Когда до Пуссана оставалось два дня пути, из Москвы пришло распоряжение вернуть земкараван «Александр Губанов» в порт Владивосток.
Караван застопорил ход, начальник каравана отправил запрос в Москву и в управление БТФ, но никаких объяснений не получил. Сорокину пришлось выполнить приказ.
После теплого и приветливого Японского моря Владивосток показался морякам особенно хмурым и холодным. Надвигалась зима. Все теплые вещи моряки оставили дома, – чего ради тащить их на экватор? Когда досадная новость о возвращении каравана во Владивосток потрясла умы, черепа, их вмещавшие, лишь с сожалением вспоминали о былых шевелюрах. Головы моряков, бугристые, с синим оттенком, а многие и с порезами от неловкой бритвы, были неприятны глазу, а главное, не давали возможности выйти в город: головам было холодно, а их владельцам стыдно. Для всех стало открытием, что они придают столько значения своей внешности.
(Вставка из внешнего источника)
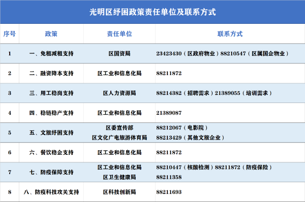 為深入貫徹落實(shí)國(guó)家、省、市決策部署和《深圳市關(guān)于應(yīng)對(duì)新冠肺炎疫情進(jìn)一步幫助市場(chǎng)主體紓困解難若干措施》,統(tǒng)籌做好疫情防控和經(jīng)濟(jì)社會(huì)發(fā)展,支持市場(chǎng)主體積極應(yīng)對(duì)疫情,進(jìn)一步幫助市場(chǎng)主體紓困解難,結(jié)合光明區(qū)實(shí)際,制定本補(bǔ)充措施。 一、免租減租支持 1.制造業(yè)小微企業(yè)、服務(wù)業(yè)小微企業(yè)和個(gè)體工商戶承租區(qū)政府以及區(qū)屬獨(dú)資、全資、絕對(duì)控股國(guó)有企業(yè)的房屋,免除3個(gè)月租金、再減半收取3個(gè)月租金。(責(zé)任單位:區(qū)國(guó)資局、區(qū)科技創(chuàng)新局、區(qū)住房建設(shè)局、區(qū)文化廣電旅游體育局、區(qū)教育局、各街道) 二、融資降本支持 2.對(duì)轄區(qū)中小微企業(yè)在2022年4月1日至6月30日期間獲得的新增貸款(展期視同新增),按實(shí)際支付利息的20%給予貼息支持,貼息期限不超過(guò)6個(gè)月,單家企業(yè)最高10萬(wàn)元。(責(zé)任單位:區(qū)工業(yè)和信息化局) 三、用工穩(wěn)崗支持 3.對(duì)受疫情影響招工困難的企業(yè),每月提供校企對(duì)接、招工引才對(duì)接、勞務(wù)輸出地招聘、線上招聘、校園招聘等服務(wù);對(duì)有培訓(xùn)需求的企業(yè),提供“送培訓(xùn)進(jìn)企業(yè)”“云課程”等訂單式公益培訓(xùn)。(責(zé)任單位:區(qū)人力資源局) 四、穩(wěn)鏈穩(wěn)產(chǎn)支持 4.依托光明區(qū)企業(yè)服務(wù)門(mén)戶建立企業(yè)紓困訴求快速響應(yīng)機(jī)制,多部門(mén)聯(lián)動(dòng)協(xié)調(diào)解決企業(yè)供應(yīng)鏈堵點(diǎn)問(wèn)題,保障重點(diǎn)企業(yè)產(chǎn)業(yè)鏈、供應(yīng)鏈暢通運(yùn)轉(zhuǎn)。(責(zé)任單位:區(qū)工業(yè)和信息化局) 5.對(duì)轄區(qū)大型工業(yè)企業(yè)積極擴(kuò)大對(duì)轄區(qū)中小微工業(yè)企業(yè)采購(gòu)規(guī)模的,按照其2022年4月1日至6月30日期間采購(gòu)金額同比新增部分給予一定獎(jiǎng)勵(lì),單家企業(yè)最高50萬(wàn)元。(責(zé)任單位:區(qū)工業(yè)和信息化局) 6.對(duì)在政策有效期內(nèi)新納入全國(guó)大型制造業(yè)企業(yè)供應(yīng)鏈體系的中小微企業(yè),按照其在2022年4月1日至6月30日期間向全國(guó)大型制造業(yè)企業(yè)供貨金額予以一定獎(jiǎng)勵(lì),單家企業(yè)最高50萬(wàn)元。(責(zé)任單位:區(qū)工業(yè)和信息化局) 五、文旅紓困支持 7.對(duì)主動(dòng)配合疫情防控、在條件具備時(shí)恢復(fù)經(jīng)營(yíng)的景點(diǎn)景區(qū)、旅行社,按照其在2022年4月1日至6月30日期間營(yíng)業(yè)額予以一定支持,最高20萬(wàn)元。(責(zé)任單位:區(qū)文化廣電旅游體育局) 8.對(duì)主動(dòng)配合疫情防控、在條件具備時(shí)恢復(fù)經(jīng)營(yíng)的電影院、劇院等文化經(jīng)營(yíng)場(chǎng)所,按照其2022年4月1日至6月30日期間實(shí)際支付租金總額的20%給予支持,最高20萬(wàn)元(已享受第一條免租減租政策的除外)。(責(zé)任單位:區(qū)委宣傳部、區(qū)文化廣電旅游體育局) 六、餐飲穩(wěn)企支持 9.對(duì)主動(dòng)配合疫情防控、在條件具備時(shí)恢復(fù)經(jīng)營(yíng)的限上餐飲企業(yè),按照其在2022年4月1日至6月30日期間營(yíng)業(yè)額予以一定補(bǔ)貼,單家企業(yè)最高20萬(wàn)元。(責(zé)任單位:區(qū)工業(yè)和信息化局) 七、防疫保障支持 10.對(duì)從業(yè)人員超過(guò)500人的企業(yè),定期提供上門(mén)免費(fèi)核酸檢測(cè)服務(wù);對(duì)其它中小微企業(yè),就近提供便利免費(fèi)核酸檢測(cè)服務(wù)。(責(zé)任單位:區(qū)工業(yè)和信息化局、區(qū)衛(wèi)生健康局) 11.支持企業(yè)購(gòu)買(mǎi)防疫保險(xiǎn),增強(qiáng)應(yīng)對(duì)疫情風(fēng)險(xiǎn)能力,對(duì)2022年4月1日至6月30日期間購(gòu)買(mǎi)防疫保險(xiǎn)產(chǎn)品的企業(yè),按照其實(shí)際支付保費(fèi)的50%予以支持,單家企業(yè)最高5萬(wàn)元。(責(zé)任單位:區(qū)工業(yè)和信息化局) 八、防疫科技攻關(guān)支持 12.對(duì)在新冠藥物、檢測(cè)試劑、消殺技術(shù)、臨床救治等疫情防控重點(diǎn)領(lǐng)域開(kāi)展研發(fā)的企業(yè),其產(chǎn)品在2022年4月1日至12月31日期間獲批上市推廣使用的,每個(gè)產(chǎn)品給予最高50萬(wàn)元資助,單家企業(yè)最高100萬(wàn)元。(責(zé)任單位:區(qū)科技創(chuàng)新局) 本政策由光明區(qū)發(fā)展和改革局會(huì)同各責(zé)任單位負(fù)責(zé)解釋。對(duì)國(guó)家、廣東省、深圳市出臺(tái)的相關(guān)支持政策,從其要求全面貫徹落實(shí)。同類(lèi)政策標(biāo)準(zhǔn)不一致的,按照從高不重復(fù)原則最大力度支持企業(yè)發(fā)展。對(duì)需要出臺(tái)申請(qǐng)指南和操作指引的政策,由相關(guān)責(zé)任單位另行加快制定并組織實(shí)施。本措施自發(fā)布之日起實(shí)施,除已有明確期限規(guī)定外,有效期截至2022年6月30日,申請(qǐng)期截至2022年7月15日。

Зарубин со своей лысиной уже не казался лысым, и от его иронии на эту тему моряки только хмурились.
По приходу во Владивосток начальник каравана собрал высший комсостав своего флота, выслушал доклады, поблагодарил всех за отличную подготовку судов и за хорошую работу экипажей, которые в условиях постоянной штормовой погоды не допустили ни одной тревожной ситуации, ни на одном судне. Зная по опыту, что должно произойти вечером, Сорокин предупредил начальников служб об ответственности за ЧП. А в виде поощрения экипажей за хорошую работу распорядился приготовить на всех судах праздничный ужин.
Никто не смог бы определенно сказать, откуда на судах взялось спиртное, денег в рейс никто не брал, но к вечеру началась откровенная пьянка.
По ночам морозы во Владивостоке доходили до -12 градусов. Днем скупое осеннее солнце еще боролось с надвигающейся зимой, но вечером сырой пронизывающий ветер уносил накопленное городом тепло в Амурский залив. Сорокин распорядился выдать экипажам всю имеющуюся в наличии теплую рабочую одежду. Ватников на всех не хватило. Их одевали только для выхода в город. В этих ватниках, со стрижеными головами, моряки были похожи на беглых зеков, люди их сторонились. Но больше ничего для своих экипажей Сорокин сделать не мог: ни какой-либо информации о дальнейшей судьбе каравана, ни денег на зарплату он не имел.
Прошло полмесяца, наступил декабрь. Острое нетерпение первых дней сменилось сонным состоянием тупого ожидания. При других обстоятельствах моряки завели бы новые знакомства, на судах появились бы женщины, но неизвестность угнетала и даже водка редко появлялась на судах. На «Амгуни» третий механик со своим мотористом соорудили небольшой самогонный аппарат, и жизнь на судне слегка оживилась. Все, включая и капитана Арсеньтьева, старательно делали вид, что не знают, откуда берется самогон. Впрочем, самогона было мало, и пьяных на борту не было.
Непредвиденная задержка каравана во Владивостоке очень беспокоила Сорокина. «Если российская сторона не выполнит свои обязательства по контракту, то он может быть расторгнут, и тогда судьба каравана незавидна, – думал он. Может быть, министерство хочет использовать эту задержку как рычаг для давления на БТФ? Но БТФ сейчас слаб, как никогда, ему ли бороться с министерством, да и начальник управления никогда не отличался строптивым нравом. В чем же дело? Может, они хотят оттеснить от этого контракта Кулагина с его ОКТЭСом? Такое может быть. Но тогда Кулагин может сам расторгнуть контракт, и у него должно оставаться около 30 % кредита, погашать который будет вынужден БТФ. Кулагин ничего не выиграет, но ничего и не потеряет. Такая игра не выгодна всем. А если Кулагин доведет караван до Сингапура, то тогда министерство теряет свой единственный козырь – не выпустить караван из России. Значит, они торгуются. Поэтому от Кулагина не поступают деньги, поэтому мы и стоим. Стоять мы не хотим, – значит, я должен поддерживать Кулагина. Неприятный человек, но это к делу не относится. Нужно сгустить краски. Хорошо, что во время перехода с меня не требовали топливные и продуктовые отчеты. Теперь есть возможность для маневра. Нужно посоветоваться с Генрихом Яновичем.